In July, we wrote about the earlier group of companies buying back their own stock. At that time, American Greetings Corporation (NYSE:AM), Baxter International Inc. (NYSE:BAX), CBS Corporation (NYSE:CBS), Lockheed Martin Corporation (NYSE:LMT), News Corp (NASDAQ:NWS), RadioShack Corporation (NYSE:RSH), Travelzoo Inc. (NASDAQ:TZOO), and Visa Inc (NYSE:V) had all pledged at least $1 billion in repurchase plans.

Buybacks have numerous benefits. They reduce assets on the balance sheet, which translates into higher return on assets and return on equity -- all without any change in earnings. They also drive down that ubiquitous measure, the price-earnings ratio, which will make it appear that a company is less expensive than it was before the buyback.

As far as benefits for the shareholder go, buybacks are usually considered a good thing when the stock is selling at a material discount to its intrinsic value. As a general rule, they tend to boost investor confidence. Matthew Stover, an analyst with Guggenheim Securities, was quoted in Crain's Detroit Business commenting on the TRW buyback, which was larger than expected. "Management and the board took a simpler and larger approach, which is ultimately more attention-grabbing and underlies their confidence in the outlook for the company," he said.
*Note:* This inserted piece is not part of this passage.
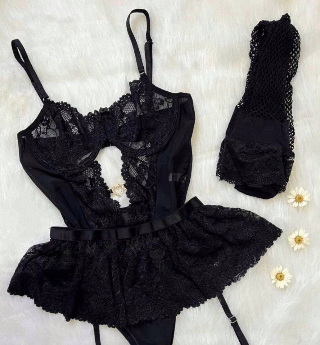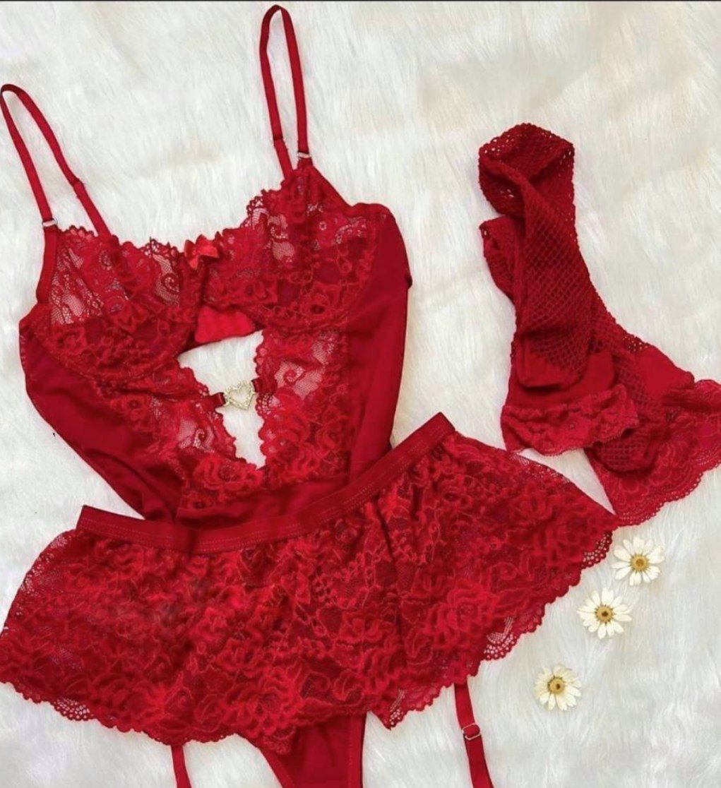 این ست لباس زیر زنانه فوقالعاده جذاب ۳ تکه شامل بادی فنردار و فاق باز، بند جوراب دامنی گیپور، جوراب ساق بلند زنبوری بالا تور دار با کد 8009 و رنگبندی سرخابی، قرمز، آبی، مشکی مناسب سایزبندی (۸۰-۸۵)L(۷۰-۷۵) ,XL میباشد. برای دیدن عکس تنخور اینجا کلیک کنید.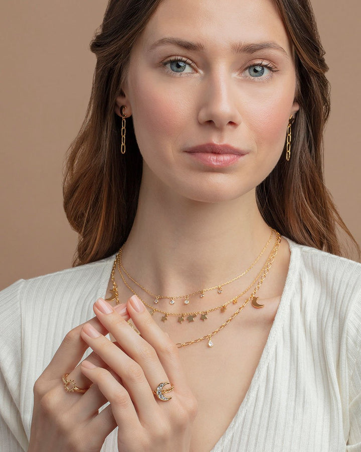Made from 14K gold or rhodium-plated brass, featuring a 3.5mm band and 12mm sun design. Lead and nickel free.

One other reason buybacks have been the rage in 2012 is the uncertainty around the Bush-era tax cuts that could end this year. Those taxes cap both the long-term capital gain rate and stock dividend rate at 155. Buybacks are taxed at the capital gains rate.

Like IBM, American Capital Agency Corp. (NASDAQ:AGNC) took advantage of the closed markets last week, pledging $500 million (12% market value), in a repurchase program. AGNC specified that it would only buy shares when they are trading below book value.

Aspen Insurance Holdings Limited (NYSE:AHL) and WABCO Holdings Inc. (NYSE:WBC) have each pledged $400 million, representing 18% and 12% market value, respectively. Aspen made the announcement in its earnings call in mid-October, while WBC made its announcement while the markets were closed for Hurricane Sandy.

Earlier in October, Dana Holding Corporation (NYSE:DAN) said it would spend $250 million (13% market value) on a buyback program while Zynga Inc (NASDAQ:ZNGA) and Rent-A-Center Inc (NASDAQ:RCII) said they would spend $200 million each, representing 11% and 10% market value, respectively. It's the first time Zynga has ever done a repurchase program and it was clearly done to boost investor confidence as the company shares have fallen from a 52-week high of $15.91 to yesterday's close of $2.24. RCII announced its buyback plan at the same time it said its third-quarter earnings would be less than the consensus estimate.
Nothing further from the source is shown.